Judgment shall enter accordingly.



[Note 1] Tai Fu Restaurant Corp., d/b/a Liane's Kitchen.

[Note 2] Mr. Li is Ms. Zhong's uncle (her mother's brother).

[Note 3] Partition proceedings are "confined to matters in reference to the common land." See Asker v. Asker, 8 Mass. App. Ct. 634 , 640 (1979) (internal citations and quotations omitted).

[Note 4] Tai Fu Restaurant Corp. v. Huang, et al., Suffolk Superior Court Civil Action No. SUCV2014-00710.

[Note 5] The $213,750 figure was 50% of the price offered by an arm's-length third-party buyer ($450,000), less 50% of the 5% broker's fee. It was thus 50% of the property's net fair market value. If there are no net adjustments due the defendants, the plaintiffs will receive it all, plus all accrued interest. If there are such net adjustments, the plaintiffs will receive that sum less those adjustments, and the remainder will then be disbursed to the defendants, with each side getting the accrued interest on their respective disbursements.

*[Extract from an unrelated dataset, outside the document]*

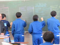 3年3組は、英語の授業でした。既習の題材「Power Your Futures」をもとに、教科書の単語の確認をしていました。リレー形式で単語を書き、正しいつづりを確認していました。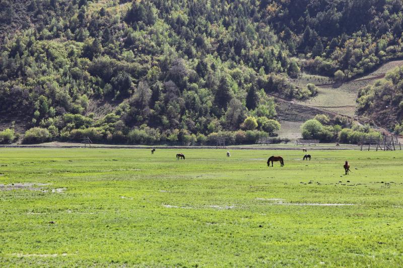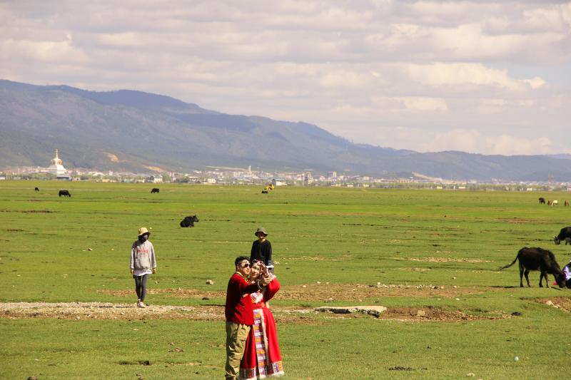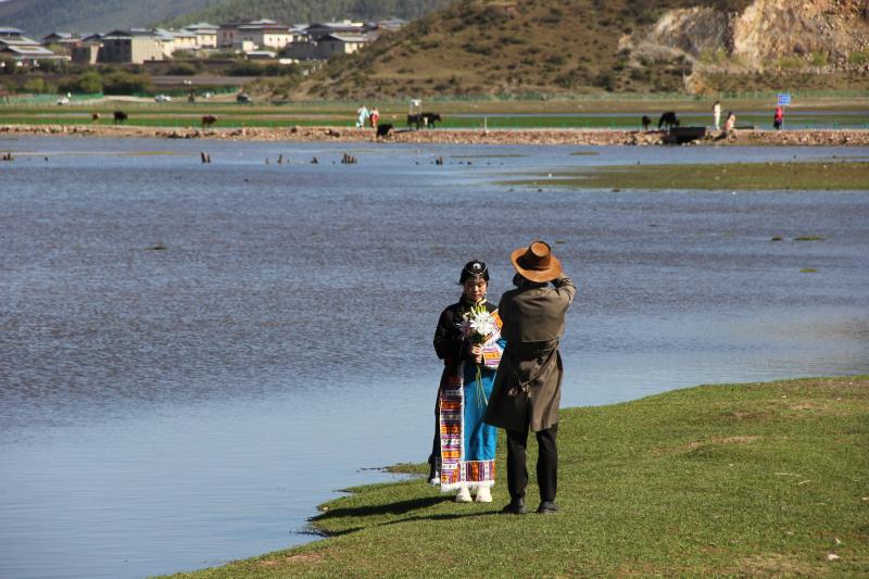 伴隨著立夏過后的第一場雨雪,迪慶高原綠意更濃。納帕海湖畔更添一分高原夏日氣息,碧藍的湖水、翠綠的草原和自由行走在草原上的牛羊是高原獨特的風景線。深深吸引著來自五湖四海的游人駐足觀賞。雖然“五一”假期已過,但前往納帕海游玩的游客并沒有減少,不少游客表示是特意前往這里感受草原風光、拍照留念的。

[Note 6] Thus, among others, water, sewer and other utility-type expenses are not part of partition proceeding adjustments. None either adds to or maintains the building's fair market value as measured at the time of sale.

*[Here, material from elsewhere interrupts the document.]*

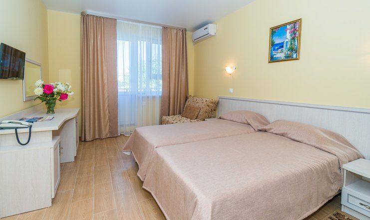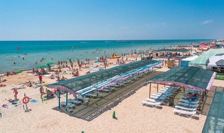 Пляж песчаный в 350 м от отеля. Территория пляжа огорожена, находится под видеонаблюдением, имеются теневые навесы, лежаки, волейбольная площадка, спасательный и медицинский пункт, раздевалки, душевые, кулер с питьевой водой

[Note 7] Despite full and timely notice, the defendants did not attend closing arguments, thus waiving their right to make them. They did, however, submit a post-trial brief, which I fully considered.

[Note 8] See, e.g., the series of Home Depot receipts offered by the defendants for items which they initially alleged were used in connection with improvements or maintenance of the property, but later withdrew as "unrelated" or because, when under oath, could not recall their purpose. There was also no proof of what "value" to the building they contributed or maintained — an essential element of a G.L. c.241, §23 credit. See also defendants' checks to Rainbow Construction from July, August, and September 1999 which they claimed paid for work on this building, but which seems unlikely for the simple reason that the parties did not purchase the building until later. When challenged with this discrepancy, the defendants did not offer any evidence to corroborate their testimony, nor was there any evidence on what value they contributed or maintained to the building. No one from Rainbow Construction was called to testify about where the work was actually performed or what it was for, nor were any contracts or invoices for the work offered into evidence which presumably would have reflected its particulars and location. Problems with other parts of the defendants' evidence are discussed below.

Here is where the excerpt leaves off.